Fig 3. Queue analyses.

(A) Fraction of positions with detected missing mRPFs in genes, divded into 3 regions: first 100 codons, last 100 codons and the rest of the gene. mRPF profiles were downsampled to have the same number of reads as the dRPF profiles. Rank-sum p-values reported. (B) Partial Spearman correlations between the dRPF-to-mRPF ratio per gene, and the fraction of missing mRPFs (across the entire ORF) vs. various features (initiation rate, tRNA adaptation index, protein abundance–PA, PA per RNA copy and ORF length), while controlling for their dependencies. mRPF profiles were downsampled to have the same number of reads as the dRPF profiles. n indicates the number of genes, and the threshold for missing mRPF detection is indicated in percentage.
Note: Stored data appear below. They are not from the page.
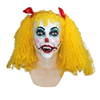 All clowns are horror shows. Let's just all accept that. They're monsters. Nobody thinks they're funny and everybody wants to cry blood out of fear. Even girl clowns are terrible. Maybe especially. Probably especially, actually. Just look at the Polly the Clown Demon Mask and tell me I'm wrong.You can't tell me that because you're paralyzed with fear. Clowns are as frightening as it gets. They're more frightening than a flaming skull controlling a chariot mounted by bears. RABID bears. No matter what shows up on Halloween night, so long as you're wearing the Polly the Clown Demon Mask, rest assured: You will make everyone want to die of fright.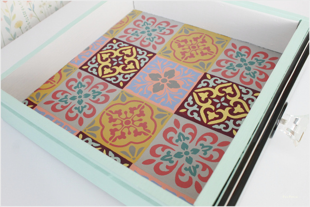 En un principio había marcado los bordes de los cuadros que vienen en la plantilla, pero quedaban fatal por lo que te decía de que en el cajón no hay una línea recta, así que acabé tapándolos para que no se notase tanto.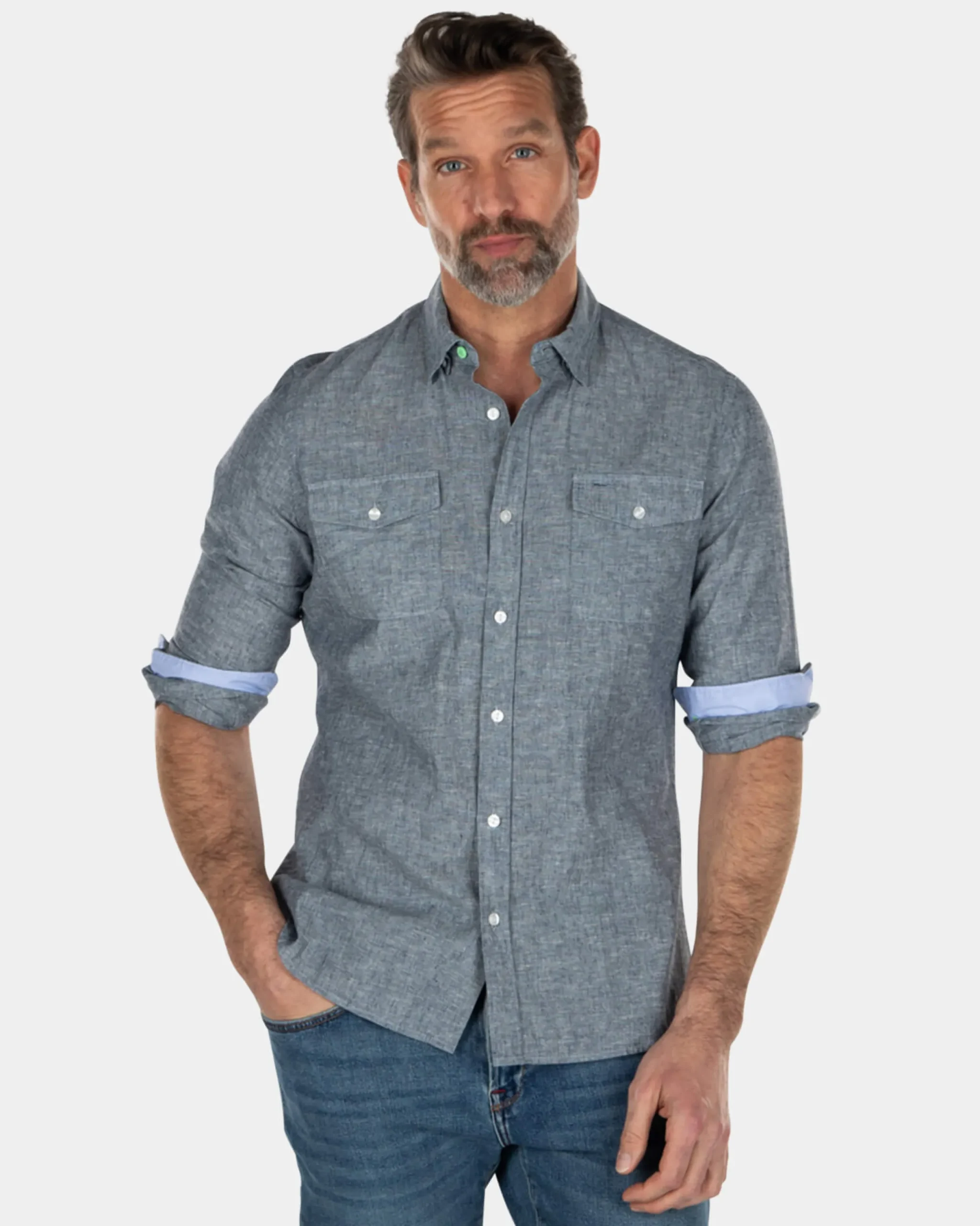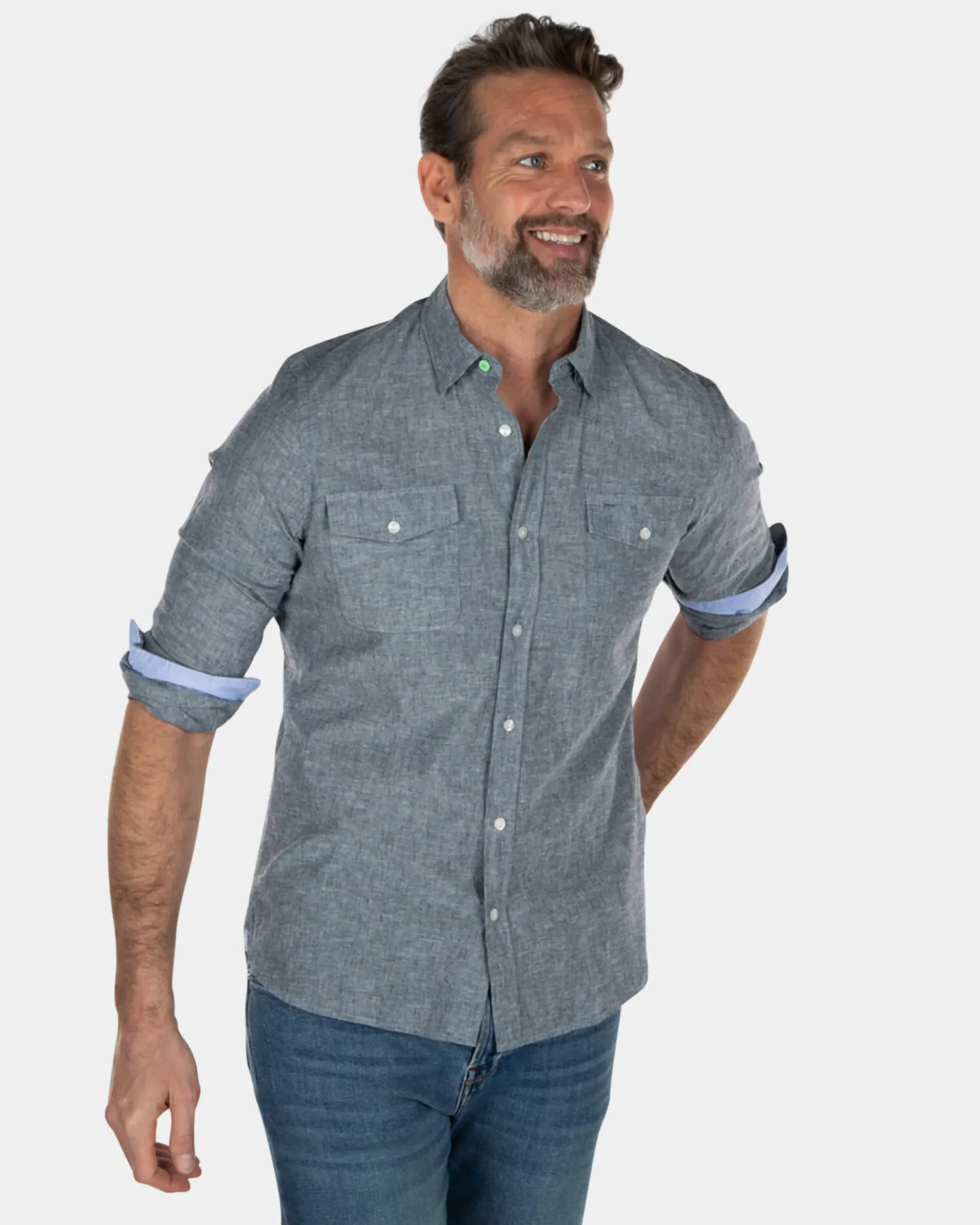 Effen katoenen linnen overhemd – Key Navy

See also S4 Fig. (C) The ratio between simulated dRPFs and mRPFs, as well as the estimated fraction of missing ribosomes when sequencing mRPFs, for different values of the maximal allowed space between ribosomes on a footprint (see also S4 Fig). (D) Top: Enriched simulated queued ribosomes in windows surrounding measured mRPF and dRPF peaks (empirical p-value < 0.01). Y-axis shows the average QFR (normalized similarly to NFC). Bottom: Enriched mRPFs and dRPFs in windows surrounding peaks in simulated profiled of the fraction of queued ribosomes per position (empirical p-value < 0.01). (E) Partial Spearman correlations between ribosome delay per codon of a gene, and various features while controling for their dependencies. (F) Distribution of the queued fraction of ribosomes (QFR) in 3 regions of the gene. Sign-rank p-value between box-plots.